Question

The figure shows the stress-strain plot for an aluminium wire, which is stretched by a machine pulling in opposite directions at the ends of the wire. The wire has an initial length of $0.8\text{m}$ and initial cross-sectional area of $2.0\times {10}^{-6}{\text{m}}^2$. How much work is done by the machine on the wire to produce a strain of $1.0\times {10}^{-3}$ $?$

• A. $54.4\text{mJ}$
• B. $56\text{mJ}$
• C. $108.8\text{mJ}$
• D. $128\text{mJ}$

Answer 1

The correct option is B $56\text{mJ}$

Given,
Initial length, $l=0.8\text{m}$,
Initial cross-sectional area, $A=2\times {10}^{-6}{\text{m}}^2$
Strain induced in the wire is $1\times {10}^{-3}$, which is shown by point $\text{Q}$ in figure.

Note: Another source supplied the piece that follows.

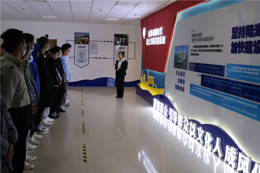 在专业教师的带领下,同学们依次参观了潍坊市新时代海上文明基地主展馆、国际海洋中心、模拟船、ERM实训室、BRM实训室等场馆。每到一处场馆,首先由实训负责老师讲解参观注意事项,然后就实训室的整体情况、设备的基本工作原理及所学课程的相关性进行了详细的讲解。
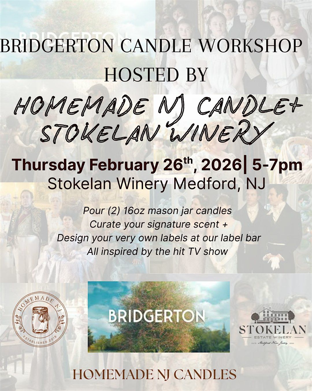 THURSDAY FEBRUARY 26TH Bridgerton candle workshop at Stokelan Winery

Now, from the figure, stress induced in the wire for given strain is $7\times {10}^7{\text{N/m}}^2$.

The work done by the force from the machine will be stored as elastic potential energy in the wire.

$\text{Elastic potential energy}=\text{Area of stress-strain curve}\times \text{Volume of the wire}$

$\Delta U=\frac{1}{2}\times \text{stress}\times \text{strain}\times \text{volume}$

$\Rightarrow \Delta U=\frac{1}{2}\times (7\times {10}^7)\times (1\times {10}^{-3})\times (2\times {10}^{-6}\times 0.8)$

$\Rightarrow \Delta U=0.056\text{J}$

$\therefore \Delta U=56\text{mJ}$

Hence, option $\left(b\right)$ is correct answer.